X_train, X_test, y_train, y_test = train_test_split(corpus_cleaned, sentiment, test_size=0.1, random_state=42)

len(X_train)==len(y_train)

def preprocess(text):
    # Tokenize the text
    doc = nlp(text)
    tokens = [token.lemma_.lower() for token in doc if not token.is_stop and not token.is_punct]
    return " ".join(tokens)

X_train = [preprocess(text) for text in X_train]
X_test = [preprocess(text) for text in X_test]

vectorizer = TfidfVectorizer()
X_train_tfidf = vectorizer.fit_transform(X_train)
X_test_tfidf = vectorizer.transform(X_test)

model = LogisticRegression(multi_class='multinomial', solver='lbfgs')
model.fit(X_train_tfidf, y_train)


y_pred = model.predict(X_test_tfidf)

print("Accuracy:", accuracy_score(y_test, y_pred))
print("Precision:", precision_score(y_test, y_pred, average='weighted'))
print("Recall:", recall_score(y_test, y_pred, average='weighted'))
print("F1 Score:", f1_score(y_test, y_pred, average='weighted'))

2023-02-19 14:51:55.159990: I tensorflow/core/platform/cpu_feature_guard.cc:193] This TensorFlow binary is optimized with oneAPI Deep Neural Network Library (oneDNN) to use the following CPU instructions in performance-critical operations:  AVX2 FMA
To enable them in other operations, rebuild TensorFlow with the appropriate compiler flags.


# With TF?

In [67]:
import tensorflow as tf
from tensorflow.keras.preprocessing.text import Tokenizer
from tensorflow.keras.preprocessing.sequence import pad_sequences
from sklearn.model_selection import train_test_split
import pandas as pd
import spacy
import re


df = pd.read_csv('./twitter_training.csv')
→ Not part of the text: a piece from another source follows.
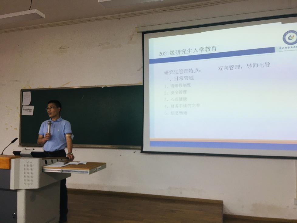 开学典礼结束后,学院紧接着�2021级新同学进行了入学教育。冯国涛副书记从研究生日常管理、学习管理、组织建设、近期安排等方面作了详细介绍。研究生教务徐雅琳老师详细介绍了研究生培养计划,解答了同学们提出的问题。党政办李艳老师对新生组织关系转接、党员日常管理等工作做了详细介绍。至此,本次学院开学典礼暨入学教育大会在热烈和谐的气氛中圆满落幕�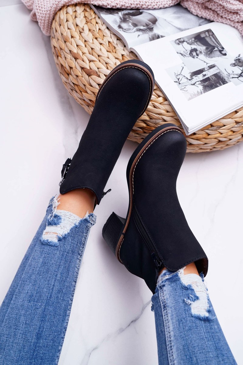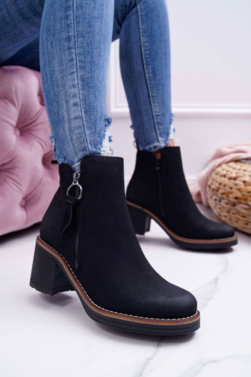 Dámské Kotníkové Boty Na Podpatku zateplené Plstí Černé Delia

remove_punct_num = lambda x: re.sub(r'[^\w\s]|[\d]+', '', x)
corpus = df['im getting on borderlands and i will murder you all ,'].astype(str)
corpus_cleaned = corpus.apply(remove_punct_num)
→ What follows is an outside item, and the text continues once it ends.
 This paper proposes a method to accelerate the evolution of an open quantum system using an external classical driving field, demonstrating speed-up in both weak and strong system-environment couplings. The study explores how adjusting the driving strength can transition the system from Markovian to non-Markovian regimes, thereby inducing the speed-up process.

nlp = spacy.load('en_core_web_sm')

def preprocess(text):
    # Tokenize the text
    doc = nlp(text)
    tokens = [token.lemma_.lower() for token in doc if not token.is_stop and not token.is_punct]
    return " ".join(tokens)

corpus_cleaned = [preprocess(text) for text in corpus_cleaned]

tokenizer = Tokenizer(num_words=5000)
tokenizer.fit_on_texts(corpus_cleaned)
X = tokenizer.texts_to_sequences(corpus_cleaned)
X = pad_sequences(X, maxlen=100)






In [75]:
from sklearn.preprocessing import LabelEncoder

le = LabelEncoder()
df['Positive'] = le.fit_transform(df['Positive'])

In [76]:
y = df['Positive']

In [92]:
X_train, X_test, y_train, y_test = train_test_split(X, y, test_size=0.1, random_state=42)
X_train = np.expand_dims(X_train, axis=-1)
X_test = np.expand_dims(X_test, axis=-1)

X_train = X_train.astype('float32')
X_test = X_test.astype('float32')

In [93]:
y_train[y_train == 3] = 2
y_test[y_test == 3] = 2

In [94]:

model = tf.keras.models.Sequential([
    tf.keras.layers.Embedding(5000, 64, input_length=100),
    tf.keras.layers.Conv1D(64, 5, activation='relu'),
    tf.keras.layers.MaxPooling1D(pool_size=4),
    tf.keras.layers.LSTM(64),
    tf.keras.layers.Dense(3, activation='softmax')
])

model.compile(loss='sparse_categorical_crossentropy', optimizer='adam', metrics=['accuracy'])




In [95]:
import numpy as np
print(np.unique(y_train))

[0 1 2]


In [96]:
# Train the model
model.fit(X_train, y_train, epochs=10, batch_size=32)

Epoch 1/10
Epoch 2/10
Epoch 3/10
Epoch 4/10
Epoch 5/10
Epoch 6/10
Epoch 7/10
Epoch 8/10
Epoch 9/10
Epoch 10/10


<keras.callbacks.History at 0x7fc9f03e0df0>

In [98]:
y_pred = model.predict(X_test)



In [101]:
category_predictions = np.argmax(y_pred, axis=1)

In [102]:
category_predictions

array([0, 2, 1, ..., 1, 2, 0])

In [103]:

print("Accuracy:", accuracy_score(y_test, category_predictions))
print("Precision:", precision_score(y_test, category_predictions, average='weighted'))
print("Recall:", recall_score(y_test, category_predictions, average='weighted'))
print("F1 Score:", f1_score(y_test, category_predictions, average='weighted'))


Accuracy: 0.8570089704110323
Precision: 0.8571459325082399
Recall: 0.8570089704110323
F1 Score: 0.8561287280150716


# This is how a untuned model significantly increases our accuracy on unseen data!